電子マネーは米ドル建てで、再現金化や海外送金が可能。日本郵船のデジタル・ガレージチーム長で、マルコペイ社長に就任予定の藤岡敏晃氏は、電子マネーを再現金化するサービスは他にはないと話す。船上では、買い物分などとして船長が給与の一部を現金で管理しているのが一般的で、日本郵船の推算では世界の船舶上の現金は800億円に上るという。

■フィリピン国内にも展開

船舶での普及に次いで狙っているのが、都市から隔絶されたプラント建設現場での導入だ。数カ月も海上で勤務するという特殊環境に近い中東などが想定されるという。その次の段階としては、船員の7割を占めるフィリピンでの電子マネーとしての展開だ。

現在はフィリピン中央銀行の認可待ちで、電子マネー機関(EMI)として、フィリピンの通信大手PLDTの子会社が手掛ける「ペイマヤ」や「Gキャッシュ」などと同様のライセンスを取得することになる。

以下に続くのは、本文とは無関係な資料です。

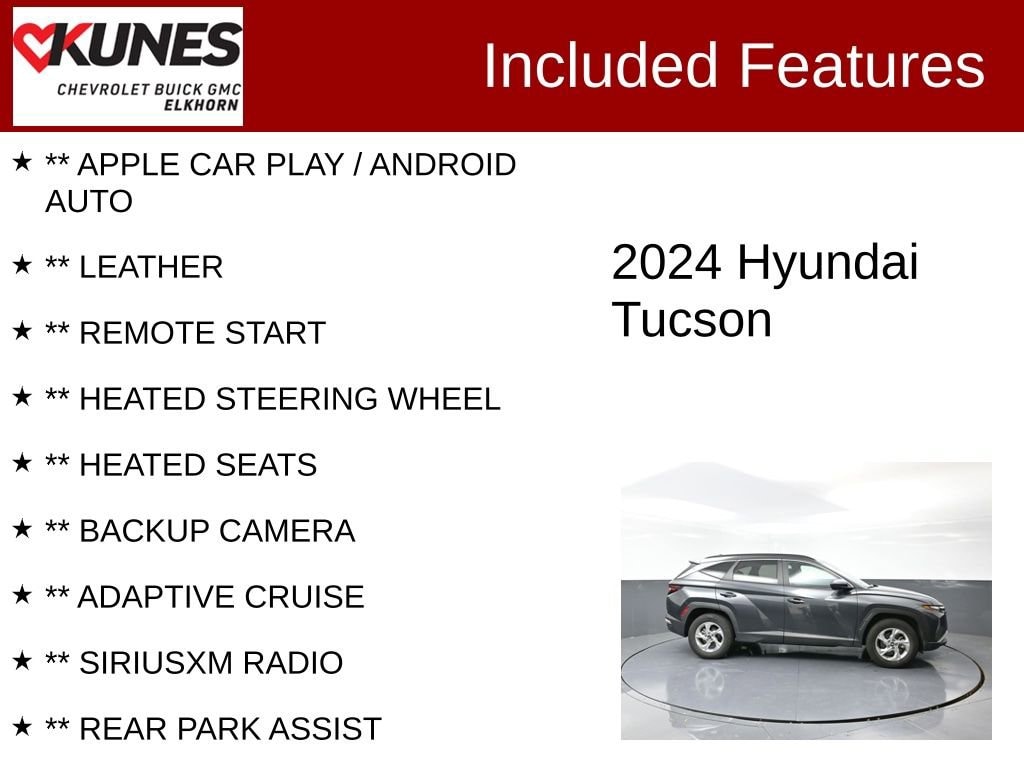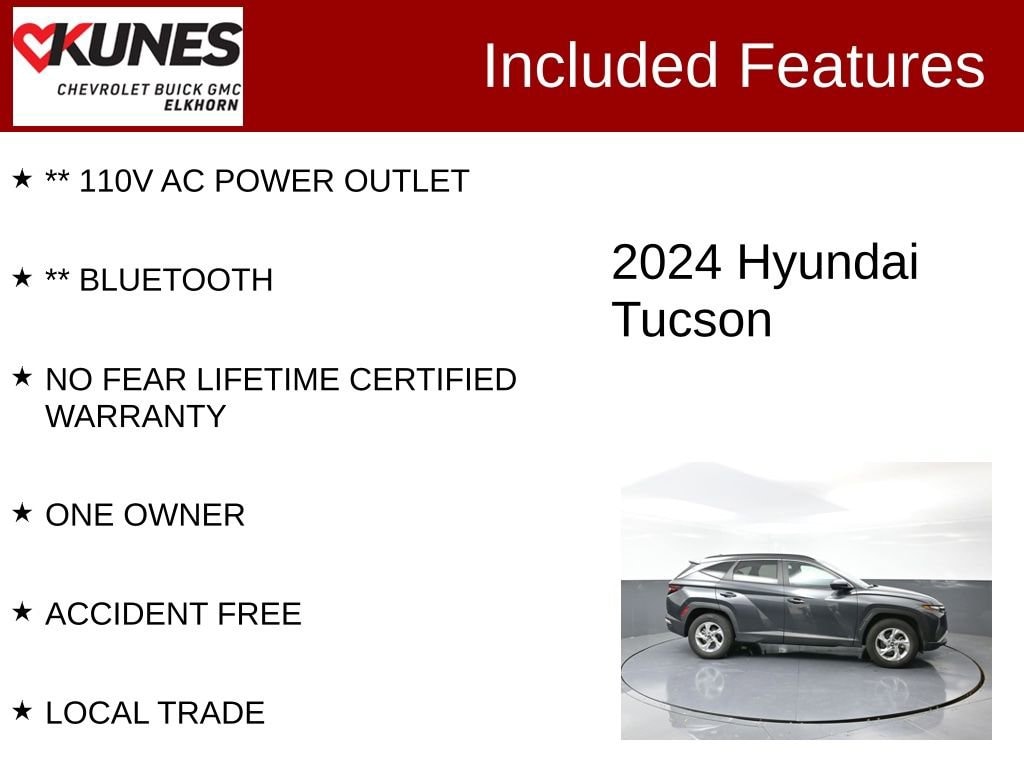 2024 Hyundai Tucson SEL 2.5L I4 DGI DOHC 16V LEV3-SULEV30 187hp 8-Speed Automatic with SHIFTRONIC AWD Clean CARFAX. CARFAX One-Owner. 23/29 City/Highway MPG

藤岡氏は、ペイマヤなどとの違いについて、「全国民がターゲットの両社らと異なり、フィリピンでは高給を得られる(約数十万人の)船員に限定したサービスとなる」と説明。「船員にとっては住宅や自動車のローンを低利で組めるなどメリットを得られると同時に、安定した収入のある船員向けのサービスを展開したい企業にとっても魅力あるプラットフォームになる」と語った。ただ、フィリピン展開の時期については明言を避けた。

日本郵船によると、邦船社の船員の73%はフィリピン人。以下、インド人(8%)、中国人(5%)、ミャンマー人(4%)、ベトナム人(3%)と続く。